WHAT THE EXERCISE ASKS — Starting at the line that contains "Vestido largo , de", repeat each line of the listing below through the last one, exactly, and leave out every picture.

DATA —
>>>

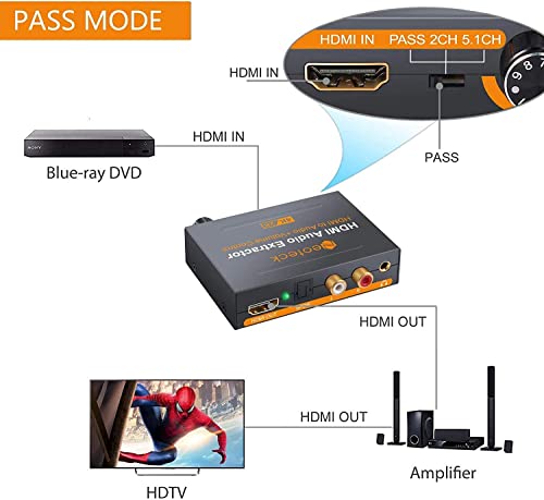【HDMI Audio Extractor con Tre Canali di Uscita Audio】3 Canali Audio:SPDIF, 2RCA e 3.5mm Jack Audio. Design Compatto Consente di HD Sorgente Collegare a Display Singolo HD, e L/R + 3.5mm, e SPDIF Uscita Audio.
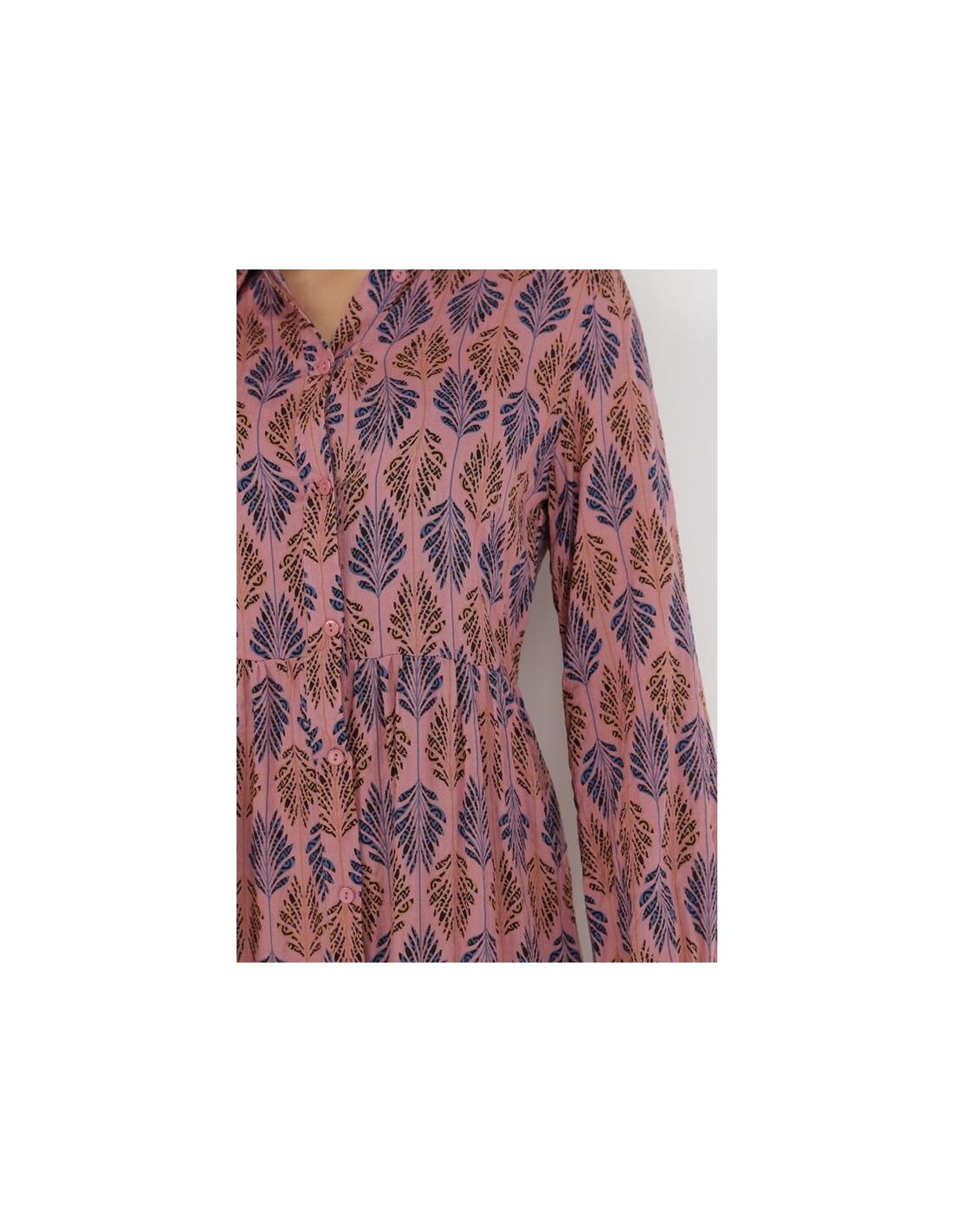 Vestido largo , de manga larga, estilo camisero, con abotonadura en la parte delantera
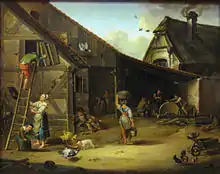 In most of Germany, farming was handled by tenant farmers who paid rents and obligatory services to the landlord—typically a nobleman.[19] Peasant leaders supervised the fields and ditches and grazing rights, maintained public order and morals, and supported a village court which handled minor offenses. Inside the family the patriarch made all the decisions, and tried to arrange advantageous marriages for his children. Much of the villages' communal life centered on church services and holy days. In Prussia, the peasants drew lots to choose conscripts required by the army. The noblemen handled external relationships and politics for the villages under their control, and were not typically involved in daily activities or decisions.[20]
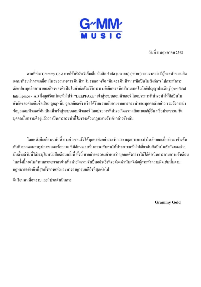 โดยระบุว่า ตามที่ค่าย Grammy Gold ภายได้บริษัท จีเอ็มเอ็ม มิวสิค จำกัด (มหาชน) ("ค่าย") ตรวจพบว่า มีผู้กระทำความผิดเจตนาที่จะนำภาพคลื่อนไหวของนางสาว อินทิรา โมราเลส หรือ "มีนตรา อินทิรา" (ศิลปินในสังกัด) ไปกระทำการดัดแปลงบุคลิกภาพ และเสียงของศิลปินในสังกัดด้วยวิธีการทางอิเล็กทรอนิคส์ตามเทคโนโลยีปัญญาประดิษฐ์ (Artificial Intelligence - AI) ซึ่งถูกเรียกโดยทั่วไปว่า "DEEPFAKE" เข้าสู่ระบบคอมพิวเตอร์ โดยประการที่น่าจะทำให้ศิลปินในสังกัดของค่ายเสียชื่อเสียง ถูกดูหมิ่น ถูกเกลียดชัง หรือได้รับความอับอายจากการกระทำของบุคคลดังกล่าว รวมถึงการนำข้อมูลคอมพิวเตอร์อันเป็นเท็จเข้าสู่ระบบคอมพิวเตอร์ โดยประการที่น่าจะเกิดความเสียหายแก่ผู้อื่น หรือประชาชน ซึ่งบุคคลนั้นทราบดีอยู่แล้วว่า เป็นการกระทำที่ไม่ชอบด้วยกฎหมายอ้างดังกล่าวข้างต้น

<<<

THE ANSWER —
 Vestido largo , de manga larga, estilo camisero, con abotonadura en la parte delantera
 In most of Germany, farming was handled by tenant farmers who paid rents and obligatory services to the landlord—typically a nobleman.[19] Peasant leaders supervised the fields and ditches and grazing rights, maintained public order and morals, and supported a village court which handled minor offenses. Inside the family the patriarch made all the decisions, and tried to arrange advantageous marriages for his children. Much of the villages' communal life centered on church services and holy days. In Prussia, the peasants drew lots to choose conscripts required by the army. The noblemen handled external relationships and politics for the villages under their control, and were not typically involved in daily activities or decisions.[20]
 โดยระบุว่า ตามที่ค่าย Grammy Gold ภายได้บริษัท จีเอ็มเอ็ม มิวสิค จำกัด (มหาชน) ("ค่าย") ตรวจพบว่า มีผู้กระทำความผิดเจตนาที่จะนำภาพคลื่อนไหวของนางสาว อินทิรา โมราเลส หรือ "มีนตรา อินทิรา" (ศิลปินในสังกัด) ไปกระทำการดัดแปลงบุคลิกภาพ และเสียงของศิลปินในสังกัดด้วยวิธีการทางอิเล็กทรอนิคส์ตามเทคโนโลยีปัญญาประดิษฐ์ (Artificial Intelligence - AI) ซึ่งถูกเรียกโดยทั่วไปว่า "DEEPFAKE" เข้าสู่ระบบคอมพิวเตอร์ โดยประการที่น่าจะทำให้ศิลปินในสังกัดของค่ายเสียชื่อเสียง ถูกดูหมิ่น ถูกเกลียดชัง หรือได้รับความอับอายจากการกระทำของบุคคลดังกล่าว รวมถึงการนำข้อมูลคอมพิวเตอร์อันเป็นเท็จเข้าสู่ระบบคอมพิวเตอร์ โดยประการที่น่าจะเกิดความเสียหายแก่ผู้อื่น หรือประชาชน ซึ่งบุคคลนั้นทราบดีอยู่แล้วว่า เป็นการกระทำที่ไม่ชอบด้วยกฎหมายอ้างดังกล่าวข้างต้น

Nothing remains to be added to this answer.